4-(2-Cinnamamido-1-((2,2,6,6-tetramethylpiperidin-1-yl)oxy)ethyl)phenyl Acetate (41)
A preformed solution of PPh3 (191 mg, 0.729 mmol, 1.5 equiv) and H2O (34 μL, 2.431 mmol, 5.0 equiv) in THF (5 mL) was treated with compound 7 (175 mg, 0.486 mmol, 1.0 equiv, prepared by oxyazidation of 4-acetoxy styrene) at 50 °C. The reaction was stirred until the complete conversion of the starting material as observed by TLC. The reaction mixture was concentrated in vacuo and kept on high vacuum for an hour. A preformed solution of cinnamic acid (56 mg, 0.379 mmol, 1.0 equiv) in DMF (3 mL) and EDC·HCl (73 mg, 0.379 mmol, 1.0 equiv) was added at 0 °C followed by HOBt (51 mg, 0.379 mmol, 1.0 equiv), and the reaction mixture was stirred for 1 h. To the abovementioned crude reaction mixture, amine was added in N,N-DIPEA (203 μL, 153 mg, 1.137 mmol, 3 equiv), and the reaction was continuously stirred at room temperature until the complete conversion of the starting material, typically for 24 h (as observed by TLC).10a The reaction mixture was diluted with EtOAc (10 mL), quenched with saturated NaHCO3 (5 mL), and extracted with EtOAc (3 × 30 mL). The combined organic layers were washed with a brine solution, dried over anhydrous Na2SO4, concentrated in vacuo, and purified by silica gel column chromatography to afford the amide 41 as a transparent semi-solid (119 mg, 0.258 mmol, 68%). Rf (40% EtOAc/hexane) 0.5; IR (film): 3283, 2929, 1757, 1451, 1757, 1660, 1619, 1541, 1505, 1364, 1198, 1130, 979, 913, 846, 761, 711, 546, 486, 414 cm–1; 1H NMR (400 MHz,) δ 7.57 (d, J = 15.6 Hz, 1H), 7.46 (d, J = 1.1 Hz, 2H), 7.34 (dd, J = 7.6, 2.8 Hz, 5H), 7.06 (d, J = 8.1 Hz, 2H), 6.51 (s, 1H), 6.29 (d, J = 15.6 Hz, 1H), 4.98 (t, J = 6.4 Hz, 1H), 4.05–3.97 (m, 1H), 3.69–3.61 (m, 1H), 2.28 (d, J = 0.5 Hz, 3H), 1.55–1.27 (m, 9H), 1.21 (d, J = 21.3 Hz, 3H), 1.06 (s, 3H), 0.85 (s, 3H); 13C NMR (101 MHz, CDCl3) δ 169.4, 165.5, 150.1, 140.9, 138.3, 134.8, 129.6, 128.7, 128.3, 127.7, 121.4, 120.7, 83.0, 60.4, 60.1, 45.0, 40.5, 34.2, 33.7, 21.1, 20.5, 20.3, 17.1; HRMS (ESI) m/z [M + H]+ calculated for [C28H36N2O4]+: 465.2745; found: 465.2747.

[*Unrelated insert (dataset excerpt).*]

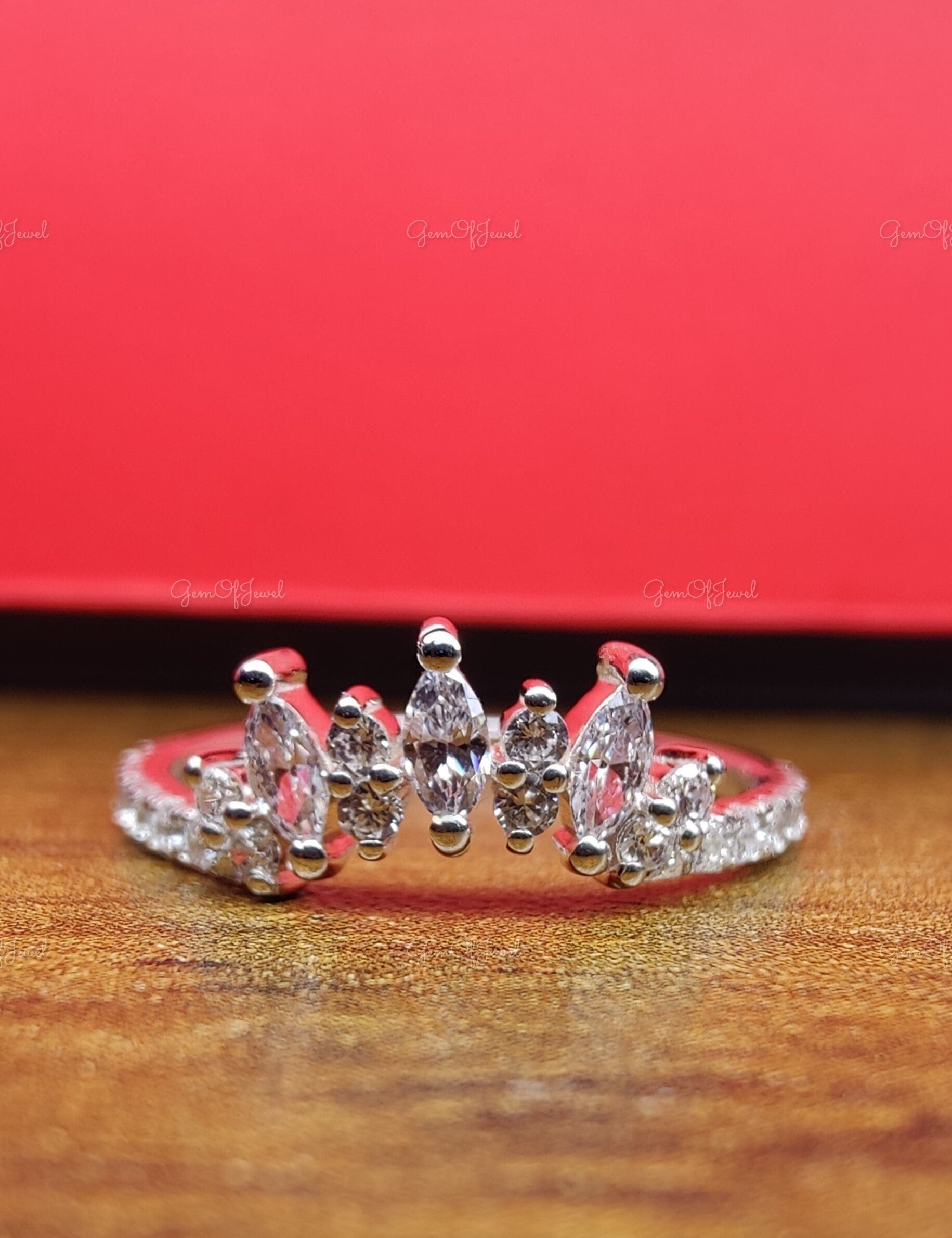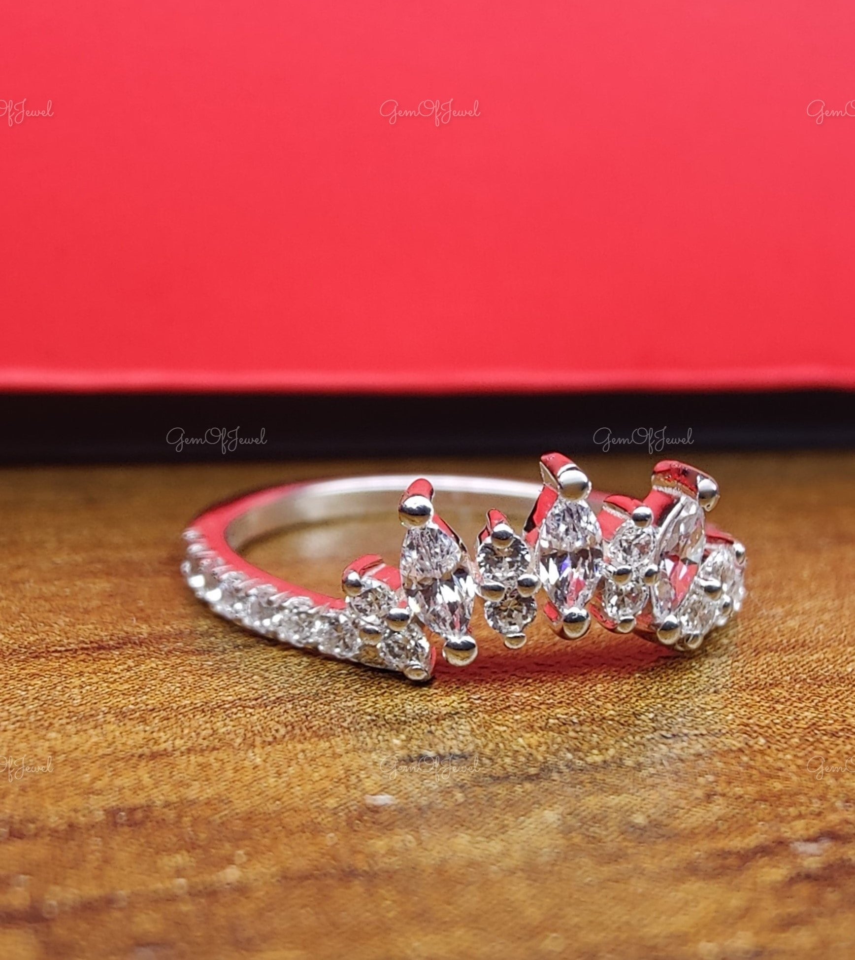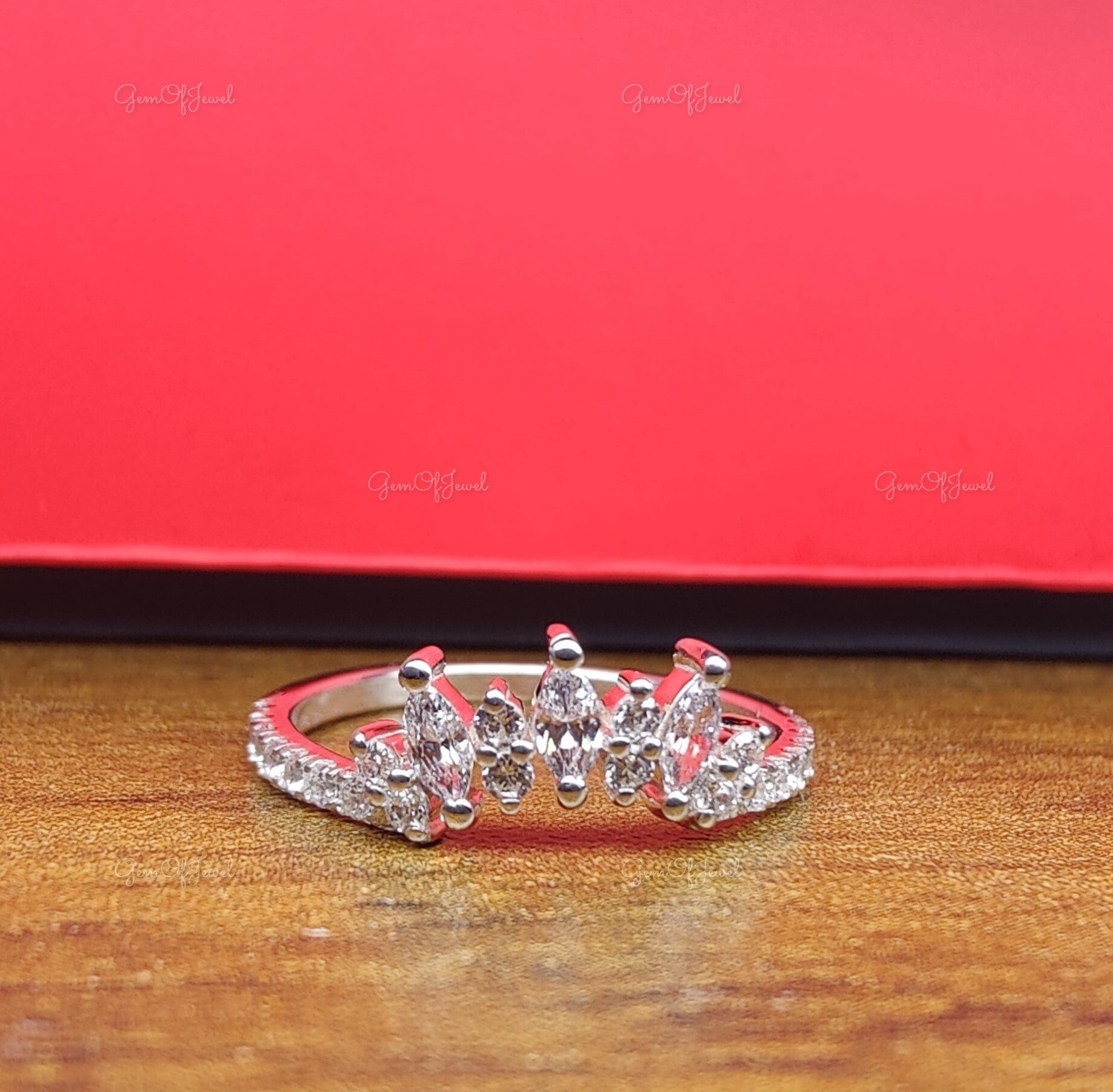 Marquise Moissanite And Round Moissanite Diamond Wedding Band,Wedding band For Her ,Flower Wedding Band, Cluster Diamond Band For Her

1-(1-(2-Chlorophenyl)-2(4-(2-chlorophenyl)-1H-1,2,3-triazol-1-yl)ethoxy)-2,2,6,6-tetramethylpiperidine (42A)
To a preformed solution of compound 9 (303 mg, 300 μL, 1.859 mmol, 1.0 equiv, prepared by oxyazidation of 2-chloro styrene) and 1-ethynyl-2-chlorobenzene (303 mg, 270 μL 2.231 mmol, 1.2 equiv) in MeCN (5 mL) were added CuI (530 mg, 2.7885 mmol, 1.5 equiv) and N,N-DIPEA (970 μL 5.577 mmol, 719 mg, 3.0 equiv). The reaction mixture was stirred at room temperature for 3 h until the complete conversion of the starting material as observed by TLC.16a,16d The reaction mixture was diluted with EtOAc (10 mL), quenched with saturated NaHCO3 (5 mL), and extracted with EtOAc (3 × 30 mL). The combined organic layers were washed with a brine solution, dried over anhydrous Na2SO4, concentrated in vacuo, and purified by silica gel column chromatography to afford the triazole 42A as a white solid (772 mg, 1.635 mmol, 88%). Rf (15% EtOAc/hexane) 0.5; Mp: 90–92 °C; IR (film): 3171, 3075, 2958, 2925, 2863, 1793, 1461, 1442, 1360, 1259, 1233, 1190, 1085, 1053, 1021, 978, 967, 917, 882, 803, 752, 722, 711, 673 cm–1; 1H NMR (400 MHz) δ 8.09 (dd, J = 7.8, 1.7 Hz, 1H), 7.85 (s, 1H), 7.35–7.30 (m, 1H), 7.27–7.15 (m, 4H), 7.12–7.04 (m, 3H), 5.61–5.55 (m, 1H), 4.98 (dd, J = 14.1, 3.8 Hz, 1H), 4.87 (dd, J = 14.1, 5.9 Hz, 1H), 3.47 (d, J = 5.1 Hz, 1H), 1.51–1.39 (m, 7H), 1.21 (d, J = 3.7 Hz, 4H), 0.96 (s, 3H), 0.85–0.79 (m, 4H), 0.71 (s, 3H); 13C NMR (101 MHz) δ 143.5, 137.2, 132.1, 131.1, 130.0, 129.8, 129.4, 129.3, 129.0, 128.8, 127.0, 126.9, 124.1, 65.2, 53.2, 41.9, 40.5, 30.1, 29.7, 29.1, 23.3, 23.1, 17.0, 14.1, 11.1; HRMS (ESI) m/z [M + H]+ calculated for [C25H30Cl2N4O]+: 473.1869; found: 473.1868.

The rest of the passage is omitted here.